I’ve been following FiveThirtyEight’s NBA predictions for the last few months, and I saw today that they make their data available for download. One problem I have with the table on their website is that it doesn’t have a way to get a nice East/West predicted finish table. Their predictions run on a model they call Carmelo, which you can read about on their website. Today I thought I’d take a look at their data, analyze their prediction’s accuracy, compare it to other websites, get their predicted finish in a nice table, and, last, run a nice long simulation of predicted finishes.

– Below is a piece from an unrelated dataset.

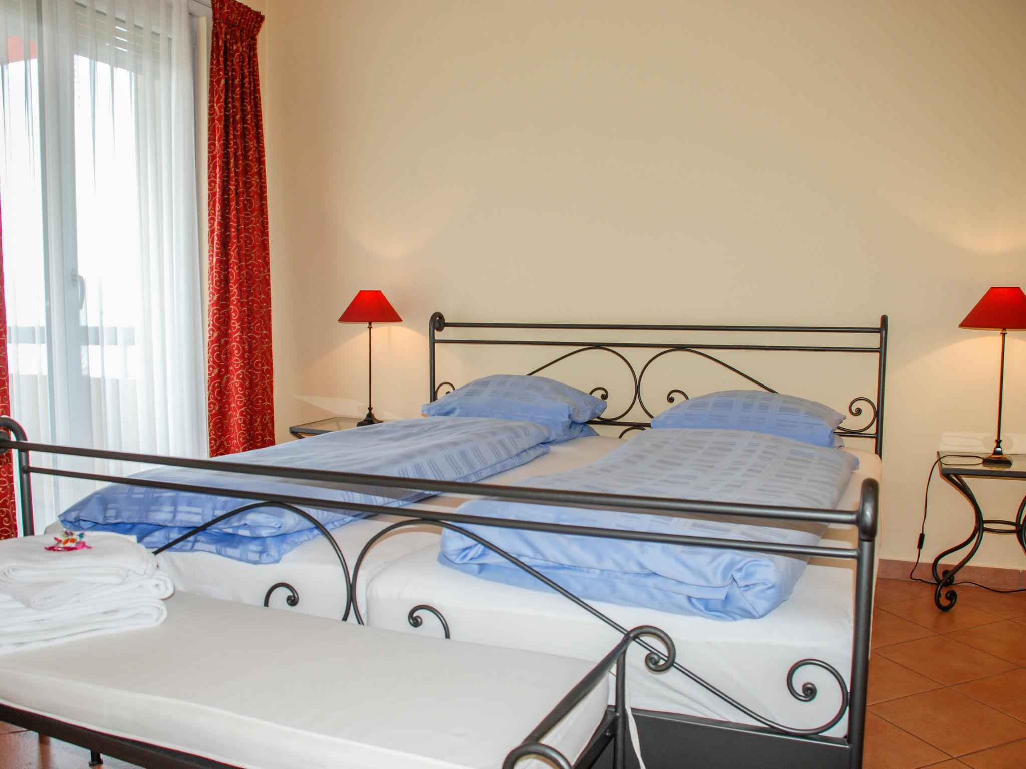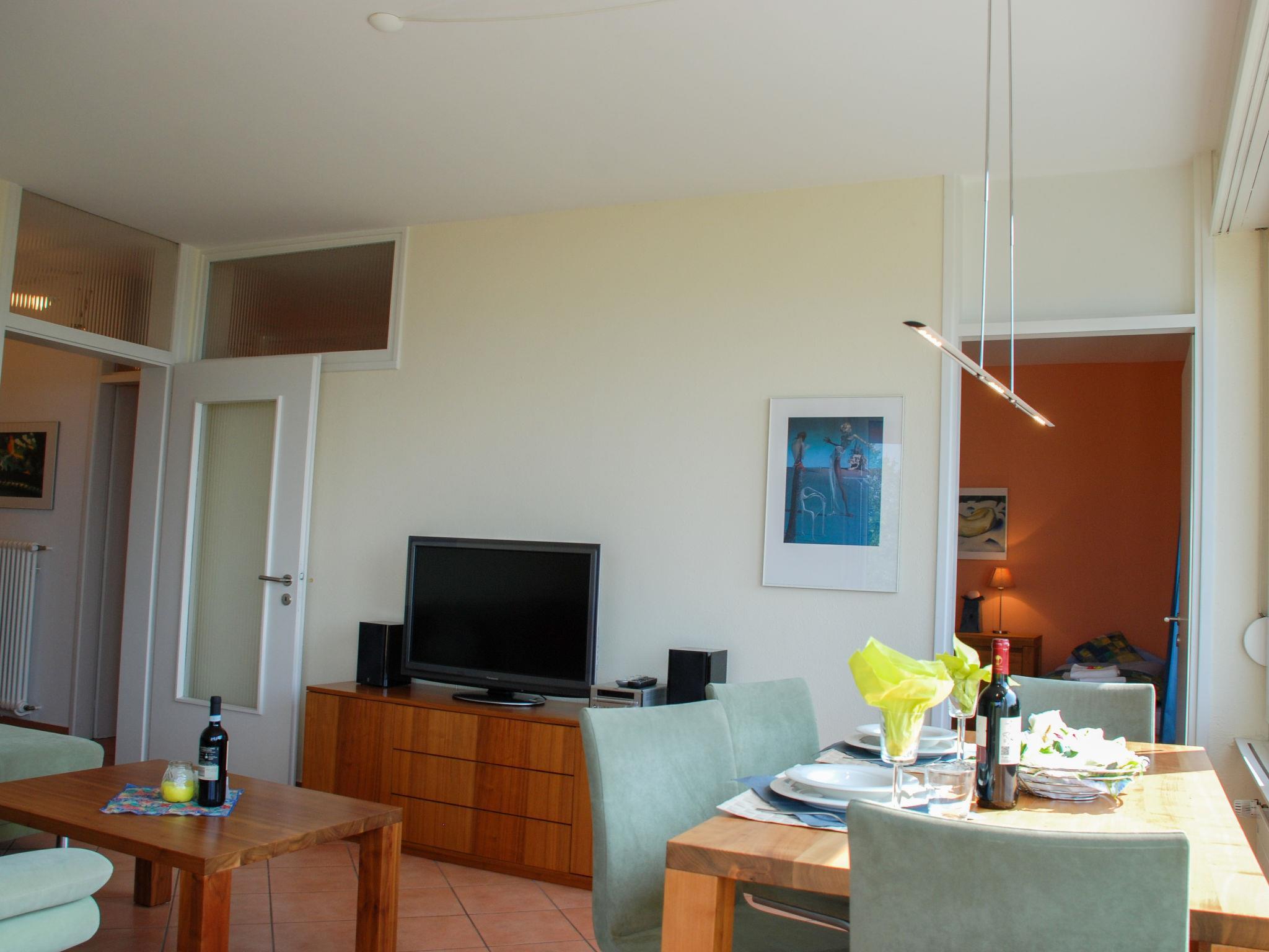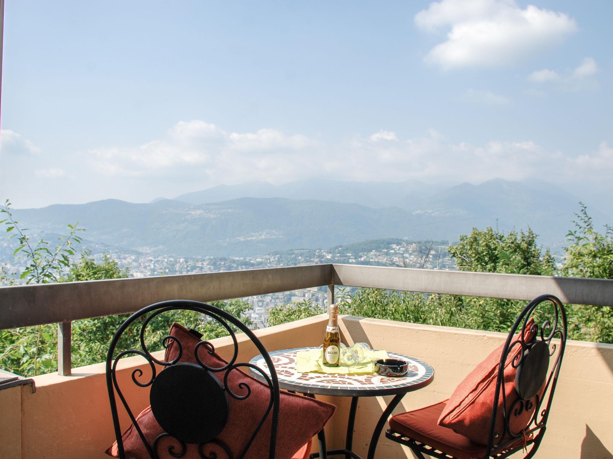 "Residenza Monte Bré - Apt.004 Haus1", 3-room apartment 58 m2, on the ground floor, south-west facing position. Spacious and bright, comfortable and modern furnishings: open living/dining room with panoramic window with dining table, cable TV, flat screen, radio, CD-player and DVD. Exit to the balcony. 1 double bedroom with 1 double bed (2 x 90 cm, length 200 cm). Exit to the balcony. 1 room with 2 beds (90 cm, length 200 cm) (2 x). Small kitchen (oven, dishwasher, 4 ceramic glass hob hotplates, kettle, microwave, electric coffee machine, Capsules for coffee machine (Nespresso) extra). Bath/WC. Heating. Balcony, south facing position. Terrace furniture. Beautiful view of the mountains, the countryside and the town. Please note: non-smokers only. NL-00007660

First thing is to download the data. The great thing is this data is constantly updated so this analysis can be rerun anytime you’d like.
# load packages
if (!is.element('pacman', installed.packages()[,1])) install.packages('pacman', dep = TRUE)
pacman::p_load(rio,tidyverse,rvest,formattable)
# download Carmelo data
carmelofull <- import("https://projects.fivethirtyeight.com/nba-model/nba_elo.csv")
carmelodf <- carmelofull %>% filter(season == 2019) %>%
select(1,2,5,6,20:24)
Now we can take a look at how often their predictions have been right so far this season.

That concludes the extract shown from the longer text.